### [Exercise instructions]
With the pictures left out, write out exactly the lines of the listing below that run from the line with "女性ホルモン含む8種の有効成分配合の エアゾールタイプ育毛剤" through the line with "The roof’s unique".

Supplied material Block Start

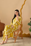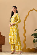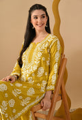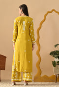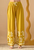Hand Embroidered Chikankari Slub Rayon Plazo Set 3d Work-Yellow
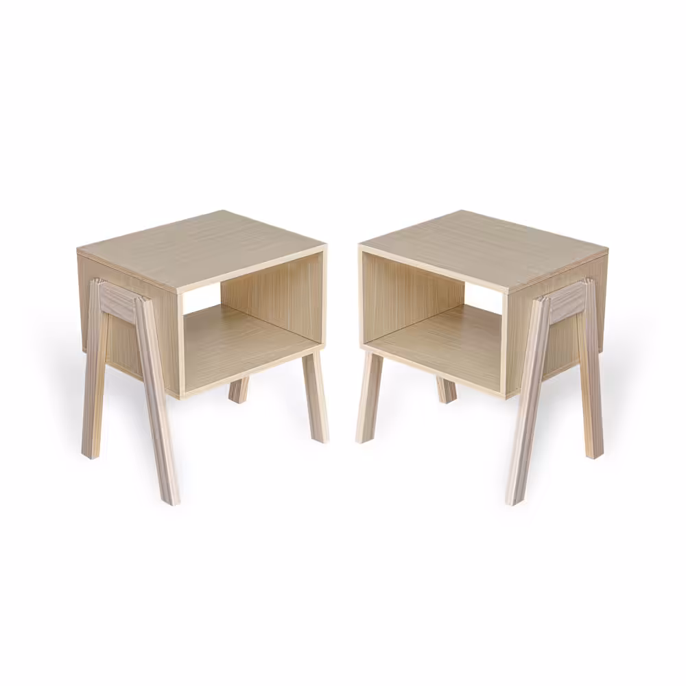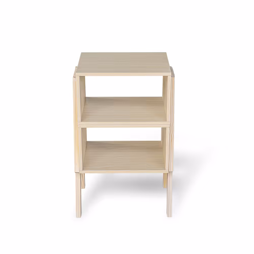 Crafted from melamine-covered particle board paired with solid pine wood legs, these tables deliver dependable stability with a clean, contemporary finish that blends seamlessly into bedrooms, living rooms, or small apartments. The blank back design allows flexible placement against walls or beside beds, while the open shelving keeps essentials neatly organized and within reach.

Supplied material Block End
Supplied material Block Start

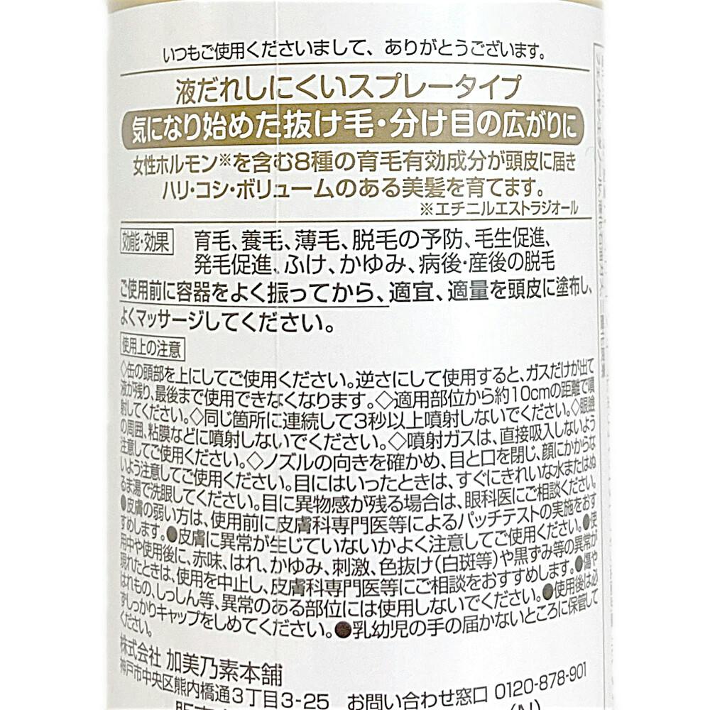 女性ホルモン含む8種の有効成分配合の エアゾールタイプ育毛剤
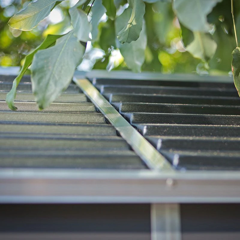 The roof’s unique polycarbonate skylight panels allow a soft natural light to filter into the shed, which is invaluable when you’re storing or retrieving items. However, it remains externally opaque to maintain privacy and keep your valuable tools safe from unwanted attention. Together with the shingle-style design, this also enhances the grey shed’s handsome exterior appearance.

Supplied material Block End

### [Answer section]
 女性ホルモン含む8種の有効成分配合の エアゾールタイプ育毛剤
 The roof’s unique polycarbonate skylight panels allow a soft natural light to filter into the shed, which is invaluable when you’re storing or retrieving items. However, it remains externally opaque to maintain privacy and keep your valuable tools safe from unwanted attention. Together with the shingle-style design, this also enhances the grey shed’s handsome exterior appearance.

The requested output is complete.